> What you have to do: Restate word for word only the lines running from the one with "近日,国人玩家自发在海外X平" to the end of the data, both ends included. Omit any pictures.

---- Extracted material

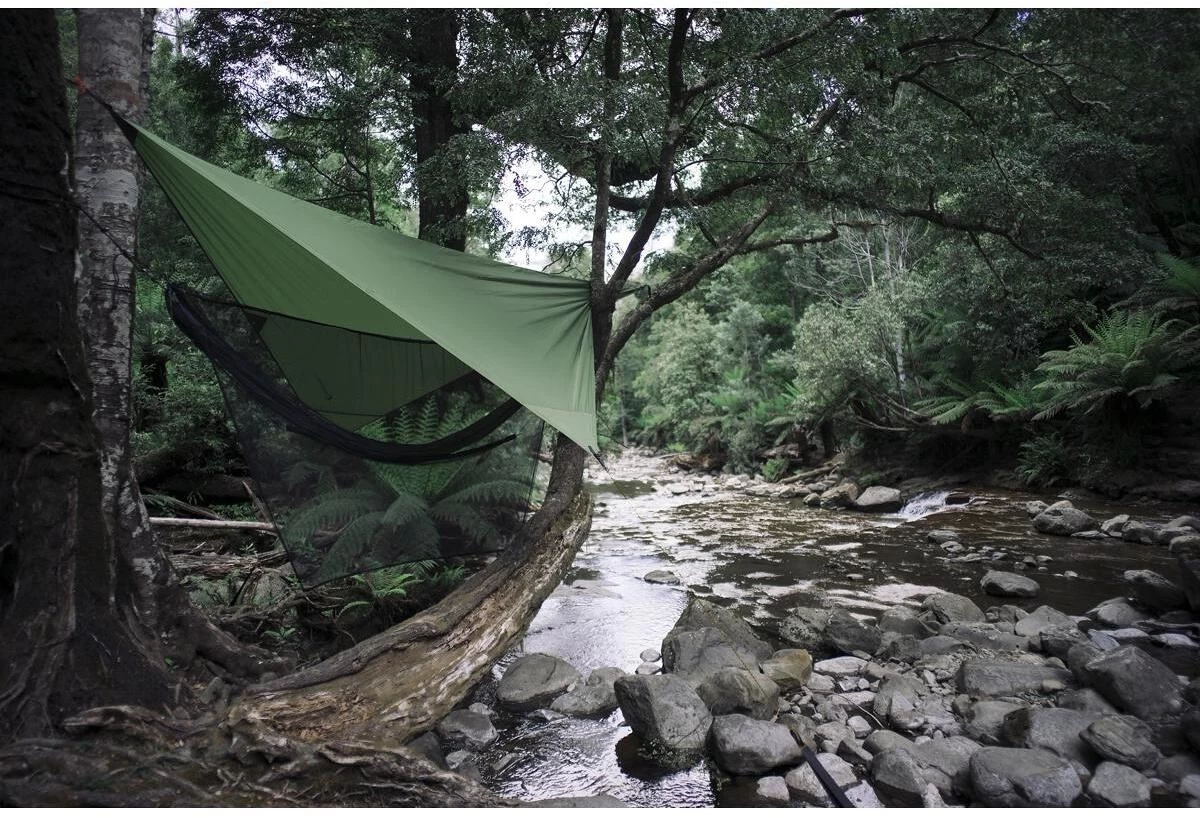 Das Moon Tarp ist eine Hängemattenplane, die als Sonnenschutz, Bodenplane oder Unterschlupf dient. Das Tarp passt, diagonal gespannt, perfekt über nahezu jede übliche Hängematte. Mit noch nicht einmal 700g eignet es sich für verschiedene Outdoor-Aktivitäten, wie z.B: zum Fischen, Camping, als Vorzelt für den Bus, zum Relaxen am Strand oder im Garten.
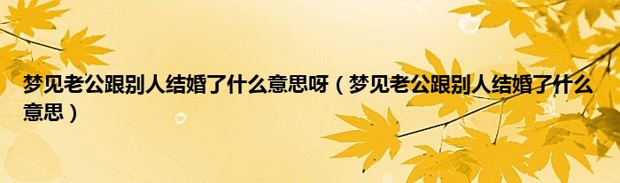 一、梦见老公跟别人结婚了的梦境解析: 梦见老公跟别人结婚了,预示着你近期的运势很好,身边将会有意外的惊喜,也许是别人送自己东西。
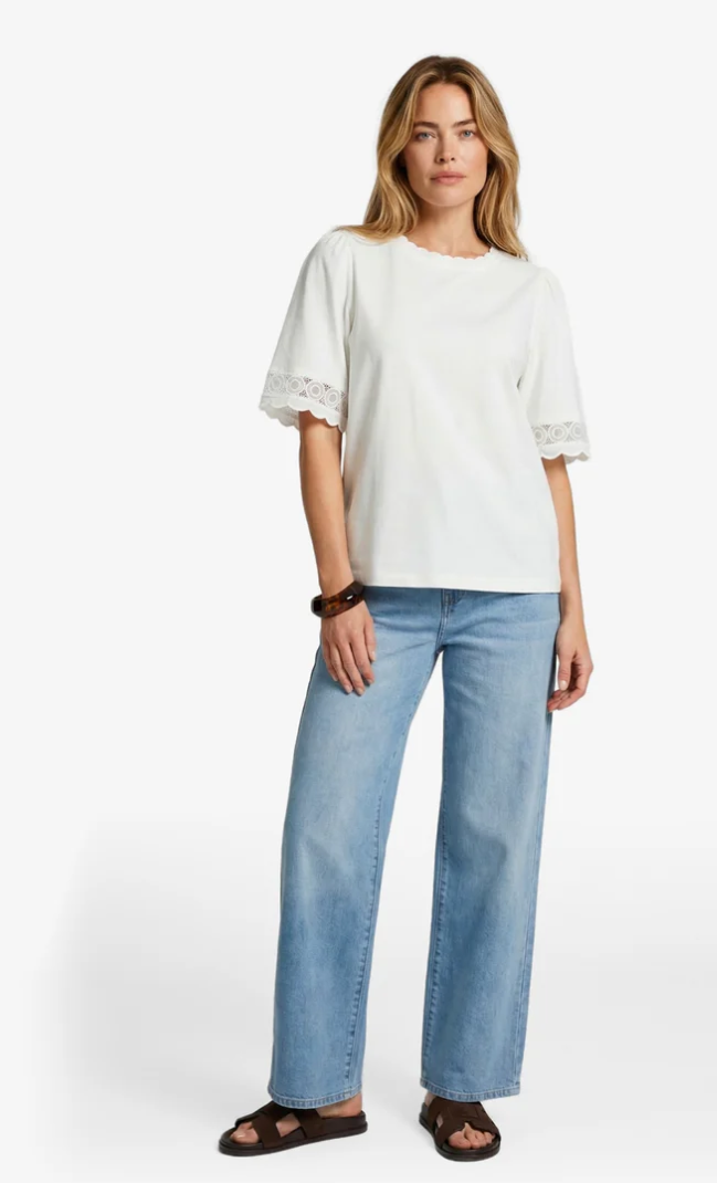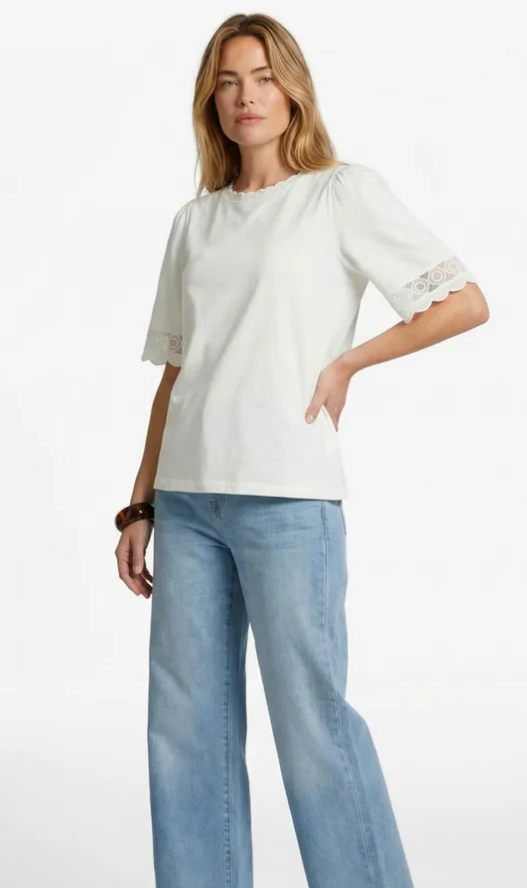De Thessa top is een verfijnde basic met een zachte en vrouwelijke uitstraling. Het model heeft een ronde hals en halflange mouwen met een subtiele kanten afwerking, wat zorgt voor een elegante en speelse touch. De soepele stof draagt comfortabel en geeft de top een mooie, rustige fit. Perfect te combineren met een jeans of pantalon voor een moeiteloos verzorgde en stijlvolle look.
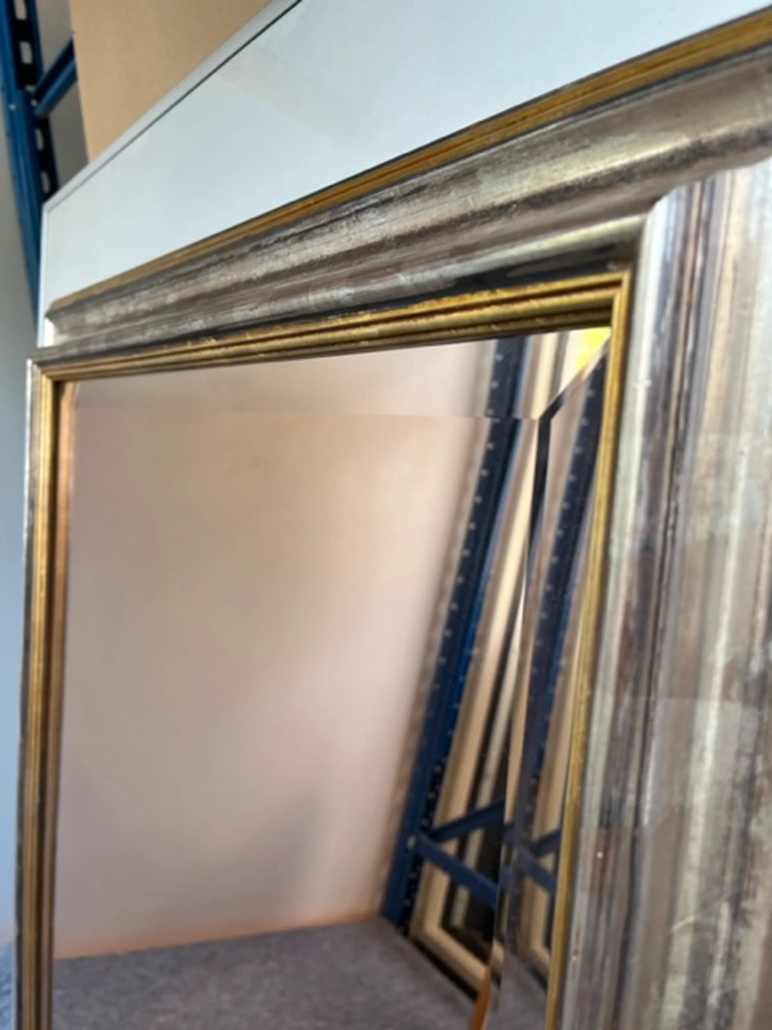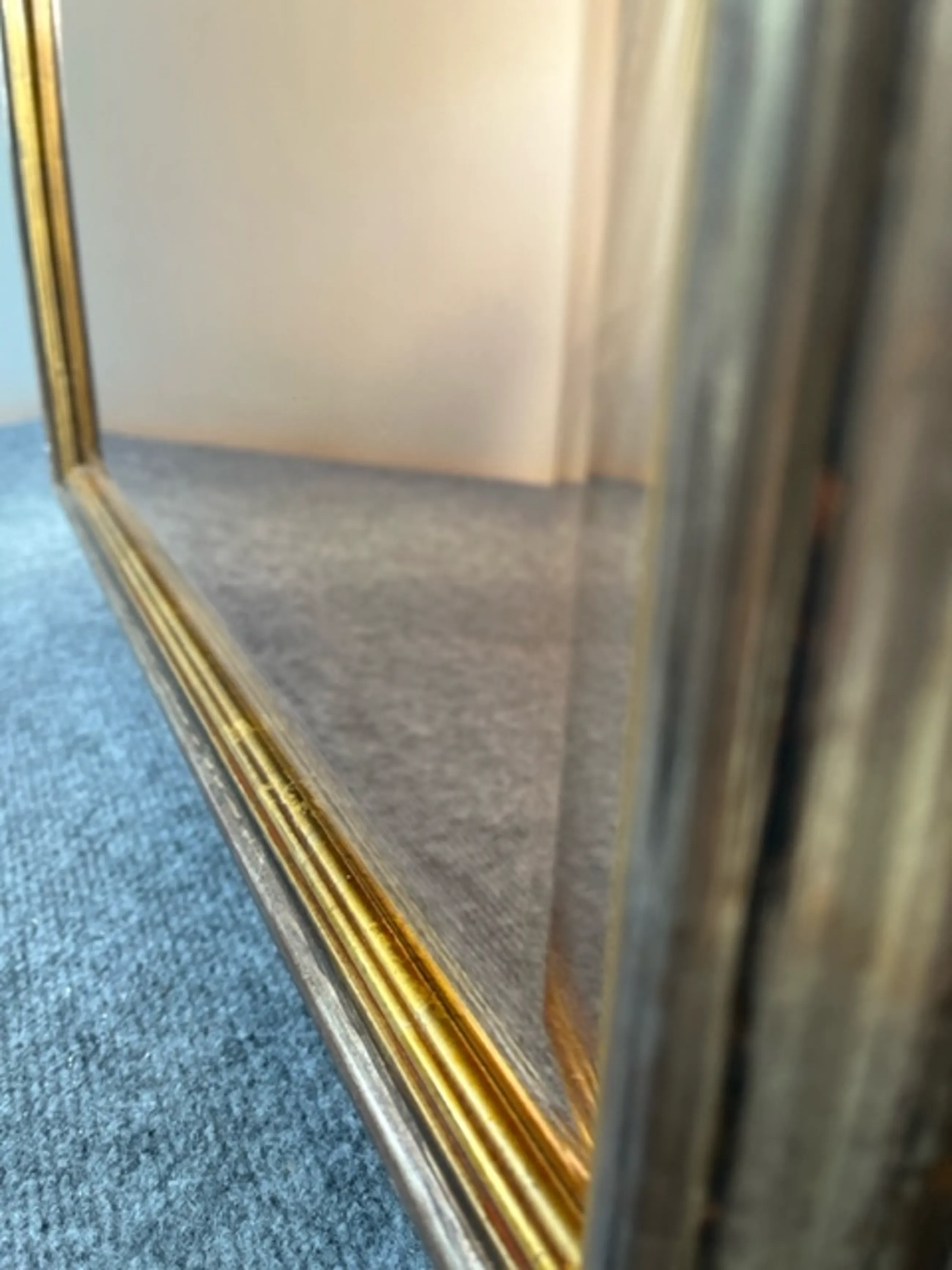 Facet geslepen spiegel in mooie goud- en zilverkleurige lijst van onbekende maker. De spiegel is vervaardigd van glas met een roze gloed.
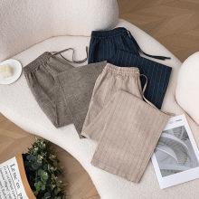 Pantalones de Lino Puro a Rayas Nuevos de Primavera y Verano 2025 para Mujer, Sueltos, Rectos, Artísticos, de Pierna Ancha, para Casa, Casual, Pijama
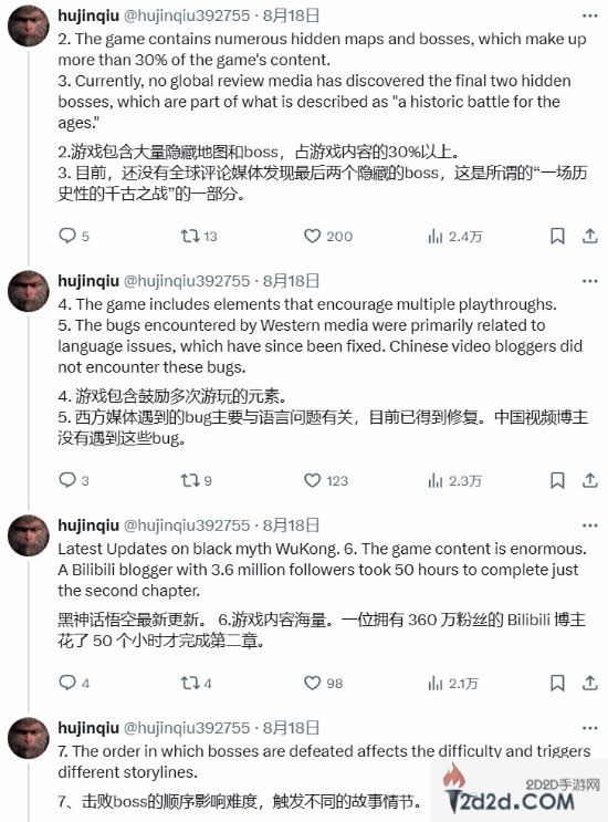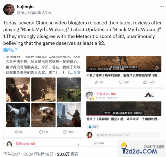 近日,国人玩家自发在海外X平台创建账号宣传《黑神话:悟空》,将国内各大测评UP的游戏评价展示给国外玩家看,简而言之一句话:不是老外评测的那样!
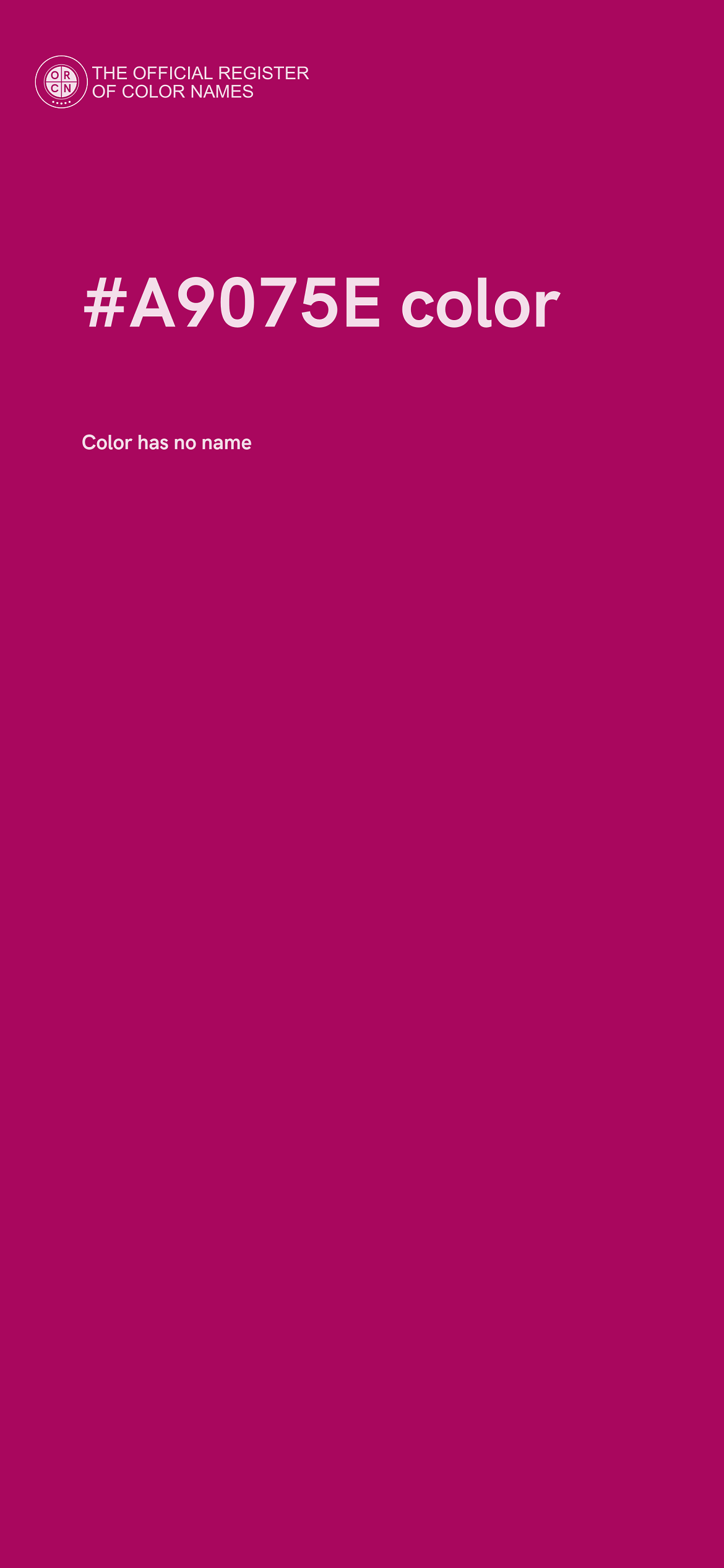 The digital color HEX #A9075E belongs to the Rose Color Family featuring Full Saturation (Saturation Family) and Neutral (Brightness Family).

--------

> Written answer:
 近日,国人玩家自发在海外X平台创建账号宣传《黑神话:悟空》,将国内各大测评UP的游戏评价展示给国外玩家看,简而言之一句话:不是老外评测的那样!
 The digital color HEX #A9075E belongs to the Rose Color Family featuring Full Saturation (Saturation Family) and Neutral (Brightness Family).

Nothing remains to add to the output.